EXECUTIVE INCENTIVE BONUS PLAN
This Senior Executive Incentive Bonus Plan (the “Bonus Plan”) is intended to provide an incentive for superior work and to motivate eligible executives and senior managers of ProPetro Holding Corp. (the “Company”) and its subsidiaries toward even higher achievement and business results, to tie their goals and interests to those of the Company and its stockholders and to enable the Company to attract and retain highly qualified executives and senior managers. The Bonus Plan is for the benefit of Eligible Individuals (as defined below).
The Compensation Committee of the Board of Directors of the Company (the “Compensation Committee”) shall have the sole discretion and authority to administer and interpret the Bonus Plan. The Compensation Committee may delegate any or all of its authority and duties under the Bonus Plan with respect to any Eligible Individual that is not an executive officer of the Company to any executive officer of the Company; provided, however, that the Compensation Committee shall not delegate any portion of its authority and duties set forth in Sections 7 and 8 hereto.
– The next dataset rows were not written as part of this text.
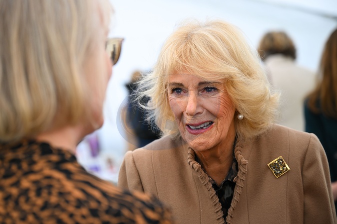 BROMHAM, ENGLAND - OCTOBER 28: Queen Camilla meets people during her visit to Bromham Community Hub on October 28, 2025 in Bromham, England. The hub aims to reduce isolation and support mental health by providing a flexible community space for village residents., Credit:Finnbarr Webster / Avalon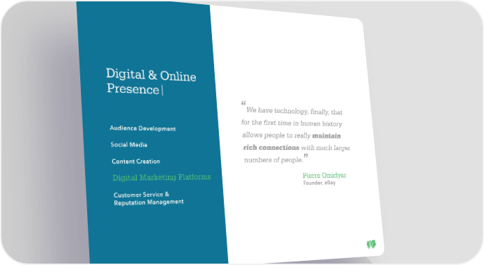 Digital & Online Presence| “We have technology, finally, that for the first time in human history Audience Development allows people to really maintain Social Media rich connections with much larger Content Creation numbers of people. ” Digital Marketing Platforms Pierre Omidyar Founder, eBay Customer Service & Reputation Management
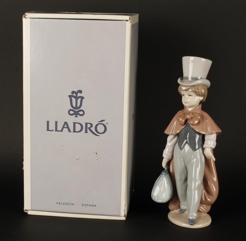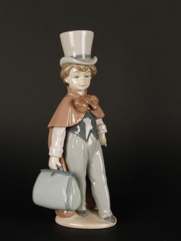 Lot 1935 Lladro figure of a boy with a suitcase entitled “A Great Adventure”, approximately 9” in height and

The Compensation Committee and, if applicable, the Company’s executive officer(s) to which the Compensation Committee has delegated its authority and duties pursuant to this Section 2 shall be referred to herein as the “Administrator” of the Bonus Plan.
|3.||Eligibility and Participation|
The Administrator shall select the persons eligible to participate in the Bonus Plan, which may include, without limitation, the executives and senior managers of the Company and its subsidiaries (“Eligible Individuals”).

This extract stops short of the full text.